Bi Muas awalnya ragu memberikan pisau pada Nalani, tapi keraguannya hilang begitu saja ketika Nalani bisa memotong dengan cepat dan rapi.

“Belajar di mana, Mbak? Mbak suka masak, ya?” tanya Bi Muas.

“Waktu di Yogya dulu saya pernah kerja di catering, jadi masak-masak gini sih udah biasa,” jawab Nalani.

“Kerja? Emang Mbak Lani udah boleh kerja?”

“Boleh. Gak ada yang ngelarang kok. Kalo bisa ya kerja aja.”

Pekerjaan Bi Muas menjadi lebih ringan hari itu. Kini, ketegangan menjalari tubuh Nalani. Ia harus makan bersama Radina dan keluarganya. Nalani duduk tepat di samping Radina dan aura ketegangan memancar dari keduanya.

“Bibi, hari ini masak apa?” tanya Madina, adik Radina yang duduk di kelas 3 SMP.

“Sayur sop, Mbak,” jawab Bi Muas.

Madina duduk di depan Nalani. Matanya meneliti penampilan Nalani sesaat lalu memalingkan mukanya. Nalani merasa semakin tidak nyaman. Ia makan dengan sangat tidak bernafsu meskipun makanan yang dihidangkan sangat enak di lidahnya.

“Nalani, kamu masih bisa sekolah kok. Saya sudah daftarkan homeschooling,” kata ayah Radina.

Nalani terkejut mendengar perkataan ayah Radina.

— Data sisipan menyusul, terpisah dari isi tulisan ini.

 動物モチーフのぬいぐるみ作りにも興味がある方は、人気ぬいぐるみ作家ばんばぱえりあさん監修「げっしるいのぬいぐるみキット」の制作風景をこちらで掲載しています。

“Kamu harus sekolah, tapi gak mungkin kan kamu ke sekolah biasa dengan perut kamu yang nanti membuncit?” kata ayah Radina.

“Terima kasih, Pak,” kata Nalani sambil menduduk.

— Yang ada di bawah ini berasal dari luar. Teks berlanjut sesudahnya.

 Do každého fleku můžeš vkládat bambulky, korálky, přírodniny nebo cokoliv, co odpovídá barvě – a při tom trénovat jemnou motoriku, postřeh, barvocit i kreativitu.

Maka dari itu, dimulailah hari baru bagi Nalani sebagai murid home schooling di rumah yang paling asing baginya.

 ***

Kehidupan Nalani berubah 180 derajat. Ia harus menjalani home schooling yang ternyata begitu membosankan karena harus ia jalani sendiri tanpa kehadiran teman seorang pun, ia harus minum berbagai macam obat dan nutrisi karena ia mengidap toxoplasma, dan ia juga harus makan tepat waktu tanpa bisa menyomot makanan berat jika tidak pada waktunya. Hubungannya dengan Radina juga tetap tidak baik, mereka hanya mengurus diri mereka masing-masing.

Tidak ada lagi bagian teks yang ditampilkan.